View Full Version : Search through HTML code?
joeminori
01-14-2006, 05:20 PM
Hi,
Is there any search engine that is capable of searching
through the entire HTML code, and not just the text
contents?
For instance, if a webpage contains
<script type="text/javascript" src="http://www.google.com">
I would like this webpage to be included in the results
when I search for http://www.google.com.
Is there any search engine or another solution capable
of this?
Regards,
Joe Minori
mcanerin
01-15-2006, 03:13 AM
It's technically possible, but I'm afraid I've never heard of anyone doing it.
I know it would be helpful for some things, but I suspect in general there would be so much duplication (every almost webpage on the planet has certain common tags, like html, body, etc) that it would take a LOT of storage, but be of little value to anyone but a few (probably non-paying) researchers.
I don't imagine a commercial site taking it on, but it might make an interesting research project.
Right now, the only choice you have that I'm aware of is the old "view source and look for text string" approach, which is slow and tedious, and assumes you already know the pages you want, which doesn't sound like what you are looking for, sorry.

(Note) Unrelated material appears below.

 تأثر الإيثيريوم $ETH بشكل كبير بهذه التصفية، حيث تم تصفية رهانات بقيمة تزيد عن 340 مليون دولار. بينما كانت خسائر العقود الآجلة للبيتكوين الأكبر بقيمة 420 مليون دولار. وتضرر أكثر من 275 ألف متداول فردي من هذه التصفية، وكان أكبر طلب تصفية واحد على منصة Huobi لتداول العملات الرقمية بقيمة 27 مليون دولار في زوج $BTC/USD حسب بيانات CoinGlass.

It would be nice if it were, because there have been a few times I've wanted to do the same. But my cynical self is telling me it's not likely to happen any time soon - too many expensive resources would be needed to do it, but with no reliable method of making the money back or even breaking even. I think it would have to be government or research grant funded to even get off the ground.

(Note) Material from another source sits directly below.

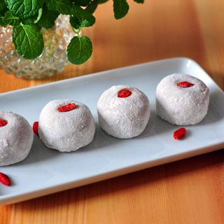 原料:铁棍山药、大枣、糕粉、枸杞子、糖粉。

Just my opinion, of course,
Ian
runarb
01-16-2006, 12:02 AM
in general there would be so much duplication (every almost webpage on the planet has certain common tags, like html, body, etc) that it would take a LOT of storage
One could use Zipf's law to remowe thos frequently occurrent terms automaticly.
Se http://en.wikipedia.org/wiki/Zipfs_law
byronm
01-21-2006, 10:11 PM
Most search engines won't index the html content however they do typically pull in anchor texts even from java scripts/pdfs or any content they parse.
If you want to searh source codes there are a few niche searches that do that.